The recovery of post-burn hypertrophic scar in a monitored pressure therapy intervention programme and the timing of intervention.

Author information

1
Department of Rehabilitation Sciences, The Hong Kong Polytechnic University, Hung Hom, Kowloon, Hong Kong; Department of Rehabilitation Medicine, Chengdu Second People's Hospital, Chengdu, Sichuan, China.
2
Department of Rehabilitation Sciences, The Hong Kong Polytechnic University, Hung Hom, Kowloon, Hong Kong. Electronic address: Cecilia.li@polyu.edu.hk.
3
Department of Rehabilitation Sciences, The Hong Kong Polytechnic University, Hung Hom, Kowloon, Hong Kong.
4
Department of Rehabilitation Medicine, Chengdu Second People's Hospital, Chengdu, Sichuan, China.
5
Department of Rehabilitation Sciences, The Hong Kong Polytechnic University, Hung Hom, Kowloon, Hong Kong; Department of Rehabilitation Medicine, Sichuan University, Chengdu, Sichuan, China.
6
Department of Rehabilitation Medicine, Sichuan University, Chengdu, Sichuan, China.

Abstract

INTRODUCTION:

Pressure therapy used to be considered as the mainstay non-invasive treatment of hypertrophic scar. However, the maturation process of hypertrophic scar during pressure therapy process has seldom be reported. Moreover, although early application of pressure therapy after burn injuries is reco6mmended, minimal evidence exists to support it.

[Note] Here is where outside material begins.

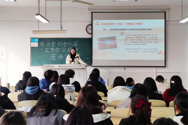为更好学习党的十九届五中全会精神,11月27日上午,马克思主义学院在主楼409教室召开学习党的十九届五中全会精神座谈会,特邀宁宇涵老师主讲,马克思主义学院团总支负责人黄宝老师及学生干部参加座谈。宁宇涵老师从“充分认识党的十九届五中全会召开背景”“准确把握全面建成小康社会取得的决定性成就”“深刻领会‘十四五’时期经济社会发展指导思想、遵循原则和主要目标”“全面贯彻落实‘十四五’时期工作要求”四个方面展开全面深入宣讲,引导同学们学深悟透全会精神,让同学们明晰了学习重点,抓住学习核心内容。

This study aimed to examine the maturation trajectory of post-burn hypertrophic scars in a 6-month monitored pressure therapy intervention programme and investigate the difference in the trajectory between patients receiving early intervention and patients receiving late intervention.

METHODS:

Thirty-four patients with sixty-five post-burn hypertrophic scar samples were recruited for the study. All the subjects were treated with a 6-month pressure therapy programme with the pressure dosage regulated using a newly developed pressure therapy system, the Smart Pressure Monitored Suits. The selected scars were assessed with MiniScan XE Spectrocolorimeter on scar pigmentation, and Terason t3000 portable ultrasound imaging equipment on scar thickness. The Vancouver Scar Scale (VSS) was used to evaluate pigmentation, pliability, vascularity and height of the scars. Subjects' report of pain and itch was documented. Assessments were conducted before treatment began and then monthly during the 6 month-intervention process. Patients were further divided into two groups according to the time of intervention post-burn injuries to review differences in the maturation trajectory between those who received early versus late treatment (early intervention group, prescribed within 60days after injuries; late intervention group, prescribed after 61 days). The changes of scar features were recorded to formulate the recovery trajectory of scar, and the outcomes of intervention between the early and the late groups were compared.

RESULTS:

Pre- and post-treatment comparison demonstrated significant improvement in scar pigmentation, thickness, VSS scores and scores of pain and itch (p<0.01) for the early intervention group. For the later intervention, only scar lightness, yellowness, VSS scores and scores of pain and itch was found with significant improvement (p<0.01). The improvement in these scar characteristics was sustained over time during the treatment process. The early group demonstrated superior effect in improving scar lightness, yellowness (p<0.01), thickness (p<0.01), pigmentation score (p<0.05) and pain score (p<0.01) than the late group in comparison between the two groups at similar post-burn timing.

CONCLUSIONS:

Hypertrophic scars appeared to undergo continuous improvement in the appearance, pain and itch over time during the process of a monitored pressure intervention programme. Early application of pressure therapy after burn injury may contribute to better outcomes as shown by their faster recovery than those with late intervention. In order to achieve the best outcomes, regular evaluation and adjustment for optimal interface pressure is necessary.

KEYWORDS:

Hypertrophic scar; Monitored pressure therapy; Smart Pressure Monitored Suits (SPMS)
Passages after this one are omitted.